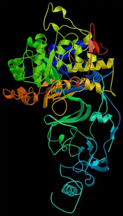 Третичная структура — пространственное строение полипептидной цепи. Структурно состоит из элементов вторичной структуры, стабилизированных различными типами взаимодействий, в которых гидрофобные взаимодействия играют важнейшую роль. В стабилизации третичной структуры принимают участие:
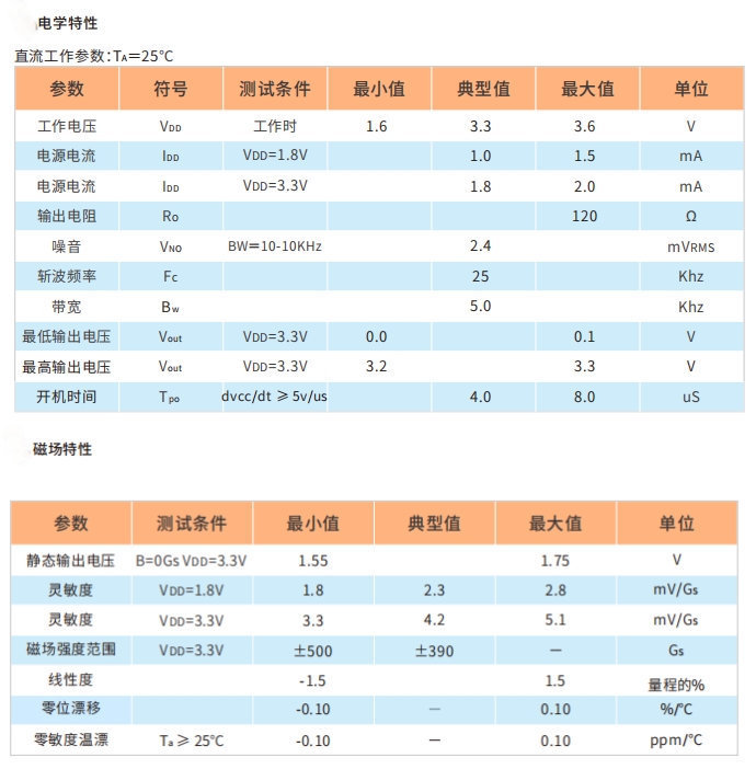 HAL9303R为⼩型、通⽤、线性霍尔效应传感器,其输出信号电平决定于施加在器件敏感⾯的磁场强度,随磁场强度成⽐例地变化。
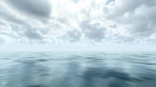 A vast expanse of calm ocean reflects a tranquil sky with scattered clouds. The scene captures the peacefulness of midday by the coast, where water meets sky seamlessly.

**Your instructions**
Could you copy exactly, and with no pictures, the lines above from the one containing "HAL9303R为⼩型、通⽤" through the last line, both included?

**Output of the task**
 HAL9303R为⼩型、通⽤、线性霍尔效应传感器,其输出信号电平决定于施加在器件敏感⾯的磁场强度,随磁场强度成⽐例地变化。
 A vast expanse of calm ocean reflects a tranquil sky with scattered clouds. The scene captures the peacefulness of midday by the coast, where water meets sky seamlessly.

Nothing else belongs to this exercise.